Researchers discovered a new way to keep cold plasma in place for a short time.
Trapping a plasma is on par with capturing a cloud and pinning it down, or holding a moonbeam in your hand in terms of difficulty. Physicists, on the other hand, have developed a new method for magnetically bottleing ultracold plasma in the lab.
Researchers report that using magnetism to trap frigid plasmas in which particles move slowly could enable physicists to study plasma activity in slow motion. This could reveal new information about how plasmas behave in even hotter, more chaotic conditions, such as the roiling interiors of fusion reactors or the whirling cores of stars.
“It takes a lot of tricks” to stopper a cold plasma, says physicist Thomas Killian of Rice University in Houston.
He and his colleagues began by boiling a lump of strontium metal and passing the vapor through a drain.
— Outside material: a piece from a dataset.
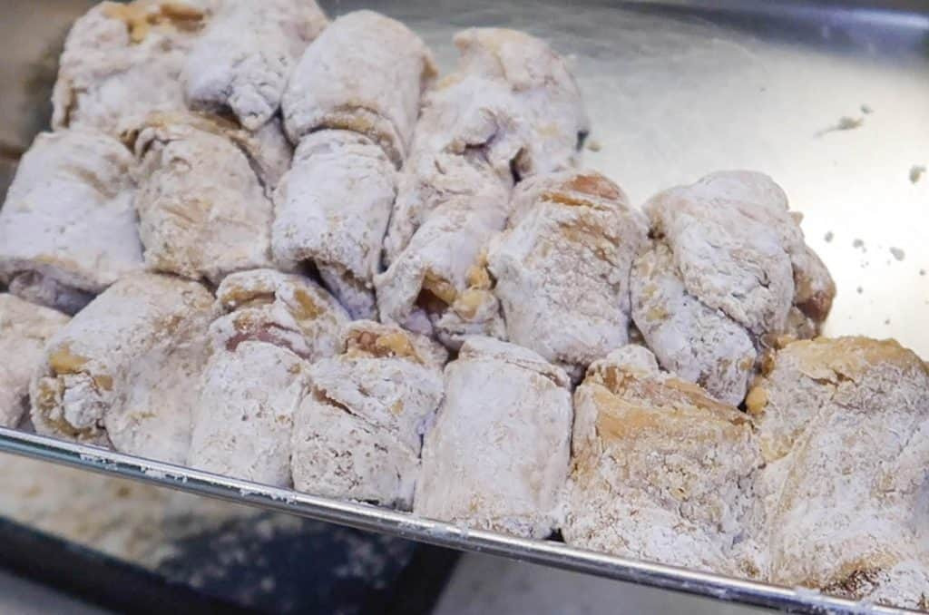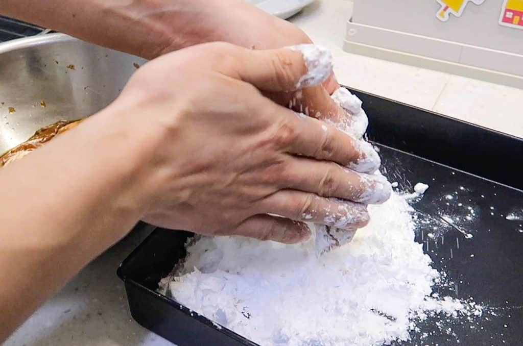 After coating, gently shake (or tap) the piece. We want to shake-off excess starch powder (important!)

The atoms were effectively cooled to three-thousandths of a degree above absolute zero (–273° Celsius) by light from a laser beam.
The researchers used a second laser to knock an electron off each atom, resulting in a plasma of negatively charged electrons and positively charged strontium ions. “We have to completely isolate this plasma,” Killian says. “If it bumps into a wall, [the particles] will just stick to the wall … or the wall will heat it up,” because even room-temperature equipment is much warmer than the plasma.
This ionized gas could not be held in a regular bottle.
The plasma will dissipate in tens of microseconds if left out in the open. As a result, Killian’s team developed plasma by sandwiching two coils of electric current between opposing magnetic fields. For up to 500 microseconds, the charged particles’ equal and opposite magnetic forces held the plasma together.